= Eugen von Halácsy =

Austrian physician and botanist

Eugen von Halácsy, also known as Jenő Halácsy (11 December 1842 in Vienna - 16 December 1913 in Vienna) was an Austrian physician and botanist of Hungarian descent.

In 1865 he obtained his medical doctorate from the University of Vienna, and afterwards served under surgeon Johann von Dumreicher during the Austro-Prussian War (1866). In 1867 he settled as a general practitioner in Vienna.
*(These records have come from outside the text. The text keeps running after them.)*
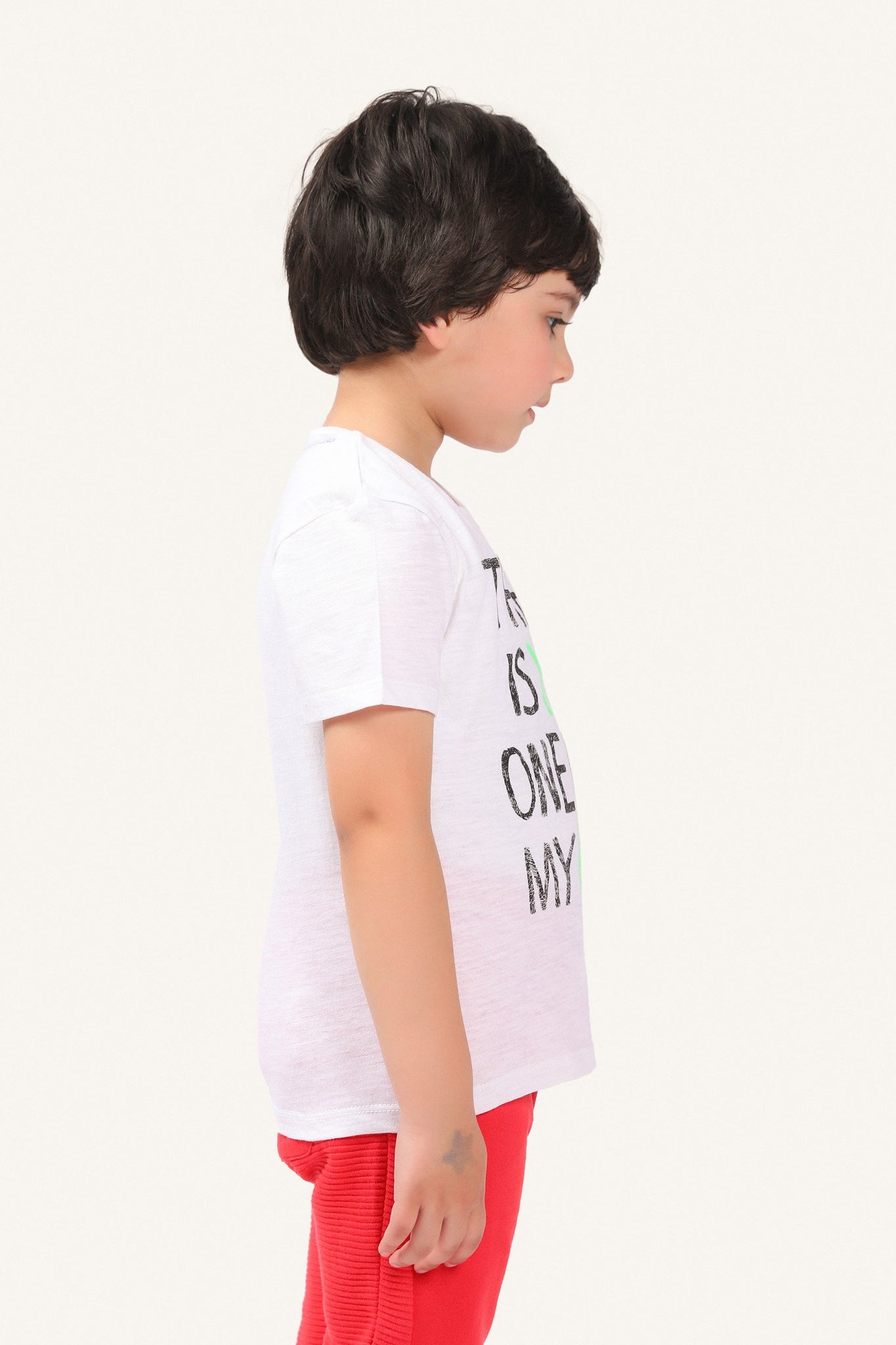 Graphic t-shirt with half sleeves, round neck and statement tapping on front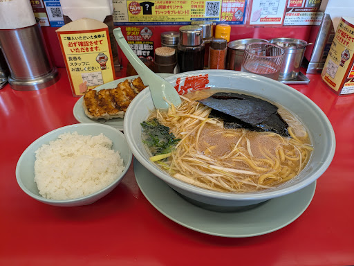 24時間営業で朝ラーメン、味噌ラーメンを食べました。 朝ラーメンはトンコツラーメンで細麺ストレートです。 チャーシュー、海苔、梅干し果肉、ネギ沢山乗っています。 味噌ラーメンはチャーシュー、ほうれん草、ネギ、海苔が乗ってました。 味噌ラーメンは中太でスープに良く絡みます。1枚目が味噌ラーメンです。2枚目が朝ラーメンです。 どちらもとても美味しかったです。 券売機(現金、電子決済、カード払いできます)で食券を買い席に着くと店員さんが来てくれます。 その時に麺のかたさ、油の量、味の濃さを変更したい時は言うとしてくれます。 例えば油少なめ、かためと伝えるとスープの味は普通であとは言ったようにしてくれます。 替え玉は値上がりし半玉100円、1玉150円で現金払いで注文できます。 替え玉も麺のかたさを選べます。 全て普通でよい場合は何も言わなくてよいです。 朝ラー普通盛りは2025年4月時点で550円です。このご時世、値上げは仕方ないですね。それでも安いと思います。 トッピングも有料で色々あります。 すりおろしニンニクはテーブルにあるので好みで無料で入れられます。 いつも店員さんは感じがよく美味しいです。 トンコツなのでどうしても仕方無いですが店内がちょっとトンコツのかおりがキツく感じます。 朝ラーはポイントチケットが出ませんが他のメニューは券売機からポイントチケットが出て、5枚貯まると餃子一人前が無料になります。10枚で醤油ラーメン、味噌ラーメン、塩だったかな?が一杯無料になります。他にも枚数に応じて何かもらえたりします。店内広告等に書いてあります。 追記・よく朝ラーを二人で食べに行きますが一緒に行く人が麺固め、私は麺、柔らかめと頼むと私の麺は明らかに固めになってることが多々あります。 空いている時間に行ってるので注文通りの麺にして欲しいです。なので星を1...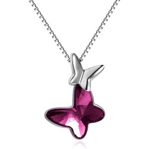 【並行輸入品】AOBOCO スターリングシルバー製 チェイシングバタフライペンダントネックレス オーストリア産クリスタル装飾 素晴らしい記念日 誕生日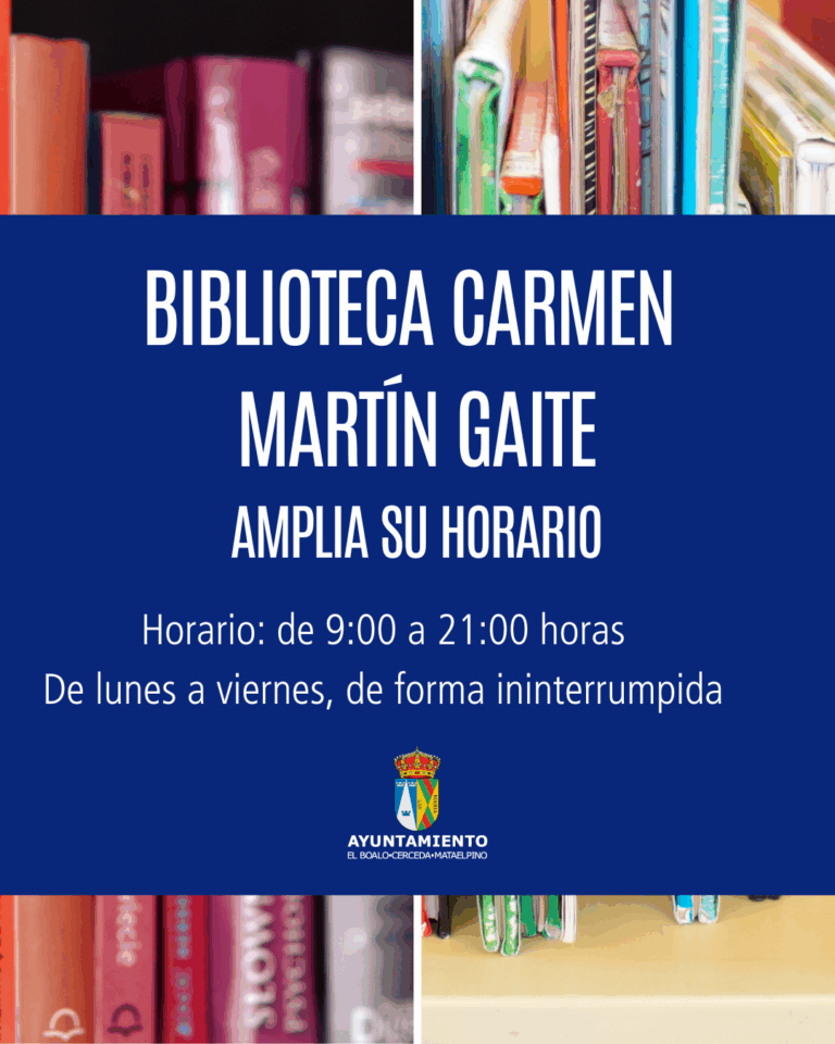 La Biblioteca Municipal Carmen Martín Gaite, ubicada en la calle Teresa Fraile, 29, en Cerceda, ha anunciado una ampliación de su horario de servicio. Esta medida busca facilitar a los vecinos el acceso a la lectura, el estudio y las diversas actividades culturales que ofrece el centro.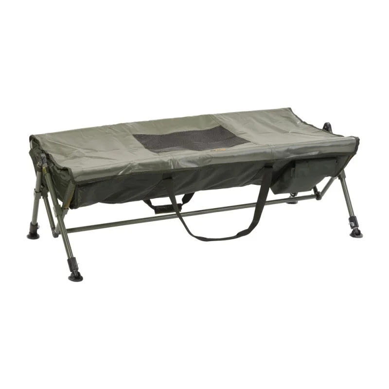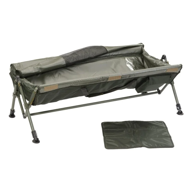 Die „First Class“ Abhakmatte kommt jetzt mit höhenverstellbaren Alubeinen und nochmals breiter! Abhaken, Wiegenvorbereitungen treffen, fotografieren. Alles in einer Multi-Station! Mit Klettverschlüssen versehenen und einer Abdeckplane wird diese Matte 100% ausbruchsicher. In dieser Abhakmatte wurde zur noch schonenderen Behandlung des Fisches kein Wasserablauf eingearbeitet. Der Fisch liegt demnach immer im feuchten Nass. Zum Schutz der Knie beim Fotografieren des Fanges ist eine entsprechende Knieschutzmatte in einer kleinen Tasche, auf der Außenseite der Matte angebracht.

He specialized in flora of the Balkan peninsula, and on several occasions traveled to Greece, where he worked closely with Theodor von Heldreich, director of the botanical garden in Athens. He issued two exsiccata-like series of herbarium specimens entitled Iter graecum a. 1888 and Iter graecum secundum a. 1893. In 1912 he received an honorary doctorate from the University of Athens. Halácsy is remembered for his three-volume synopsis on Greek flora titled "Conspectus florae Graecae" (1900-1908; Vol. I, Vol. II, Vol. II). His herbarium is preserved at the University of Vienna.

The plant genera Halacsya (from family Boraginaceae) and Halacsyella (in family Campanulaceae, now classed as a synonym of Edraianthus A.DC.) are named after him.